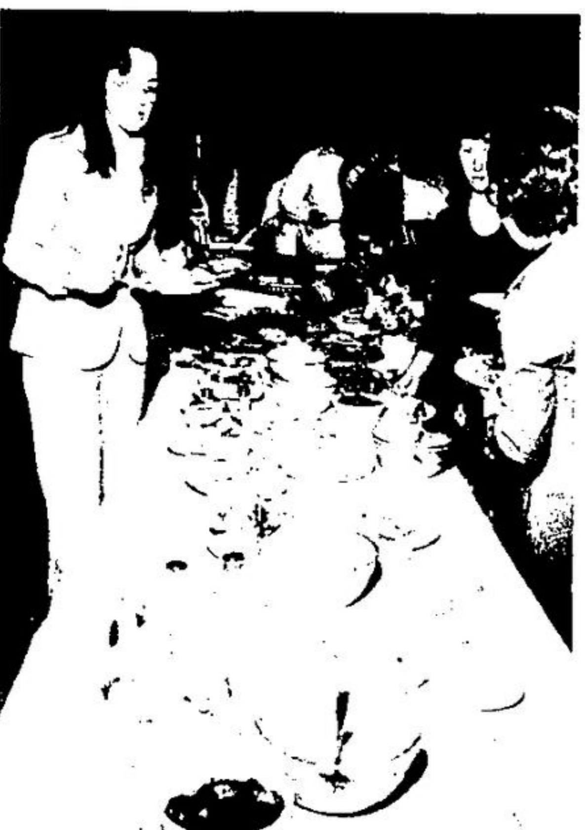
BOUNTIFUL BUFFET attracted the 150 people who attended the family party arranged by Acton firefighters Sunday.
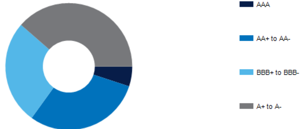
Market Value by Security Rating Group (Long Term)
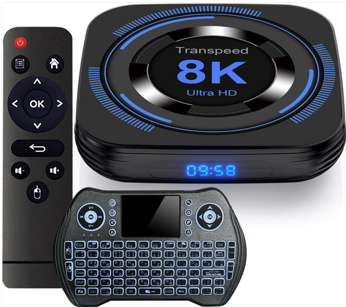
Figure 2.1: Contents of the Transpeed Android TV Box package, including the main unit, remote control, and mini keyboard.
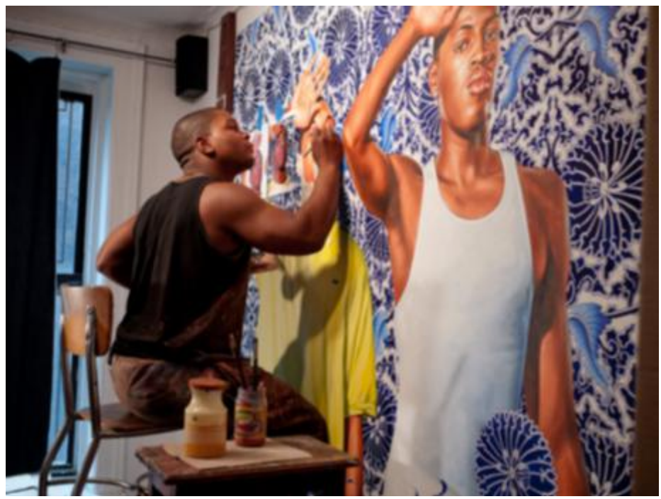
Kehinde Wiley paints in NY Studio
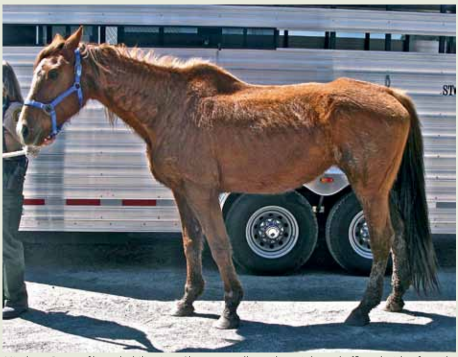
Mindy on Day 1 of her rehabilitation. She was 300 lbs underweight and afflicted with a fungal infection covering most of her body and extensive dermatitis on all four limbs from standing in mud for a long period of time. Can this be the same horse pictured in the left photo?
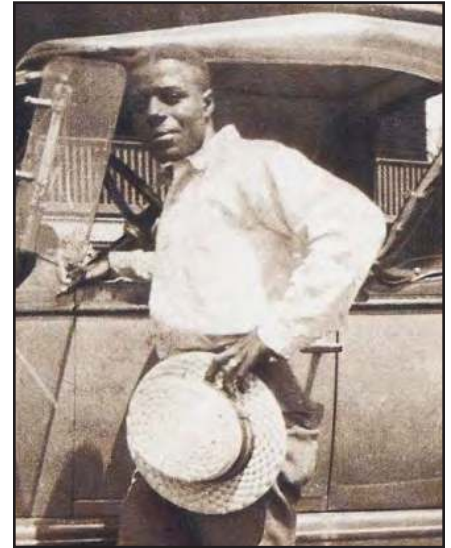
A young photo of blues musician Skip James.

Another musical perspective is offered by Avery, the preacher who attempts to court Berniece
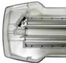
SINGLE END LED MODULE
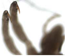
Adult louse claw
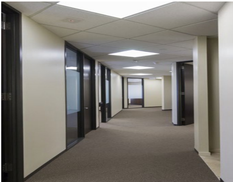
Private offices with side lights
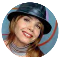
VICTORIA ABRIL FRANCE

OAfrica would like to thank our Goodwill Ambassadors from around the world who have dedicated incredible talent, time and finances to the children and families of our organization
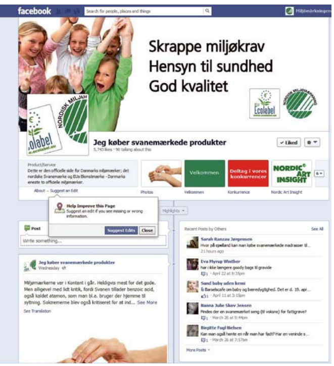
The Danish Facebook page communicates a single day with up to 150 persons.

Danish surveys have shown that our fans have a great knowledge of the Nordic Ecolabel and are women, aged 25 to 35 and living with small children – the younger the children the more eager the mothers are who visit our Danish Facebook page. They are concerned about the environment and climate change,
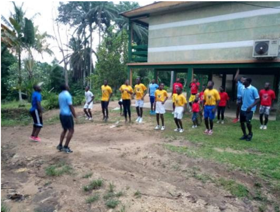
Cote d'Ivoire Youth Camp - March 21, 2018

During this trip, we also began construction to enlarge and add plumbing and electricity to our church building in La Mé (about one hour north of Abidjan).
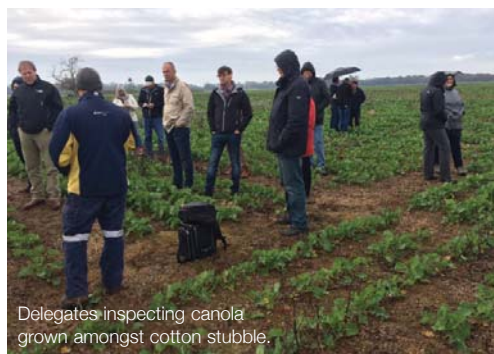
Delegates inspecting canola grown amongst cotton stubble.
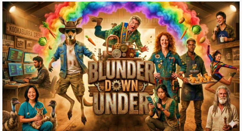
Official movie poster for Blunder Down Under , the Australian-set family comedy treatment from Power Star Entertainment's International Creative THINK TANK, featuring inventor Matilda McSnorkle and her talking kangaroo companion, Jeepers.

Set against the expansive backdrop of the outback, Blunder Down Under blends physical
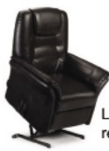
Lift and rise reclining chair

Leather and fabric suites. Corner groups. Chairs. Sofabeds. Beds/Bunkbeds. Wardrobes. Recliners. Many other items in stock for pre-Christmas delivery
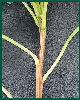
Figure 1. Palmer amaranth stem
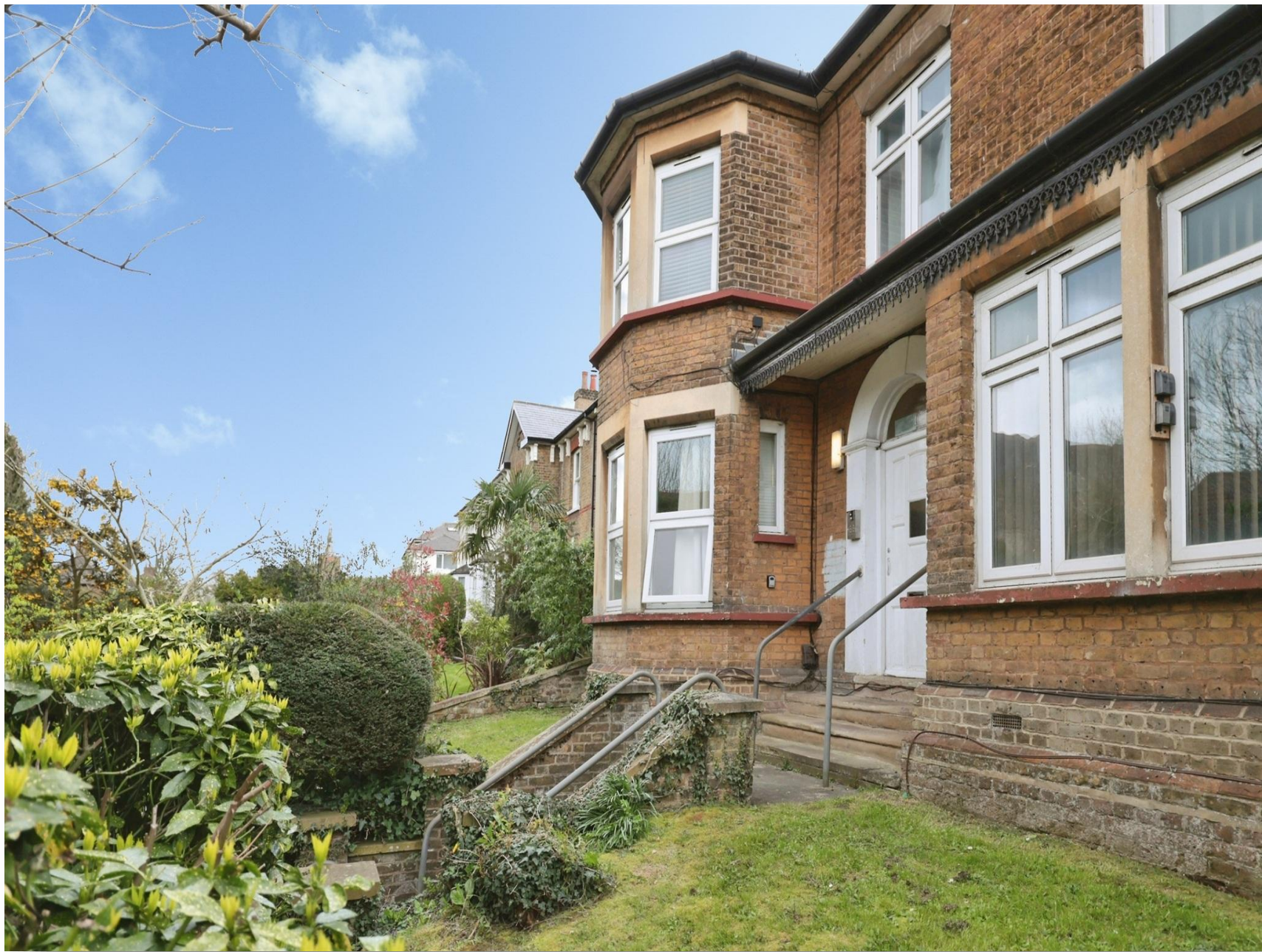
Chalk Hill, Watford, WD19 4BU

##############################

### [WHAT YOU ARE ASKED TO DO]
Your job is to repeat the data exactly, leaving each picture out.

### [EXERCISE SOLUTION]
BOUNTIFUL BUFFET attracted the 150 people who attended the family party arranged by Acton firefighters Sunday.
Market Value by Security Rating Group (Long Term)
Figure 2.1: Contents of the Transpeed Android TV Box package, including the main unit, remote control, and mini keyboard.
Kehinde Wiley paints in NY Studio
Mindy on Day 1 of her rehabilitation. She was 300 lbs underweight and afflicted with a fungal infection covering most of her body and extensive dermatitis on all four limbs from standing in mud for a long period of time. Can this be the same horse pictured in the left photo?
A young photo of blues musician Skip James.

Another musical perspective is offered by Avery, the preacher who attempts to court Berniece
SINGLE END LED MODULE
Adult louse claw
Private offices with side lights
VICTORIA ABRIL FRANCE

OAfrica would like to thank our Goodwill Ambassadors from around the world who have dedicated incredible talent, time and finances to the children and families of our organization
The Danish Facebook page communicates a single day with up to 150 persons.

Danish surveys have shown that our fans have a great knowledge of the Nordic Ecolabel and are women, aged 25 to 35 and living with small children – the younger the children the more eager the mothers are who visit our Danish Facebook page. They are concerned about the environment and climate change,
Cote d'Ivoire Youth Camp - March 21, 2018

During this trip, we also began construction to enlarge and add plumbing and electricity to our church building in La Mé (about one hour north of Abidjan).
Delegates inspecting canola grown amongst cotton stubble.
Official movie poster for Blunder Down Under , the Australian-set family comedy treatment from Power Star Entertainment's International Creative THINK TANK, featuring inventor Matilda McSnorkle and her talking kangaroo companion, Jeepers.

Set against the expansive backdrop of the outback, Blunder Down Under blends physical
Lift and rise reclining chair

Leather and fabric suites. Corner groups. Chairs. Sofabeds. Beds/Bunkbeds. Wardrobes. Recliners. Many other items in stock for pre-Christmas delivery
Figure 1. Palmer amaranth stem
Chalk Hill, Watford, WD19 4BU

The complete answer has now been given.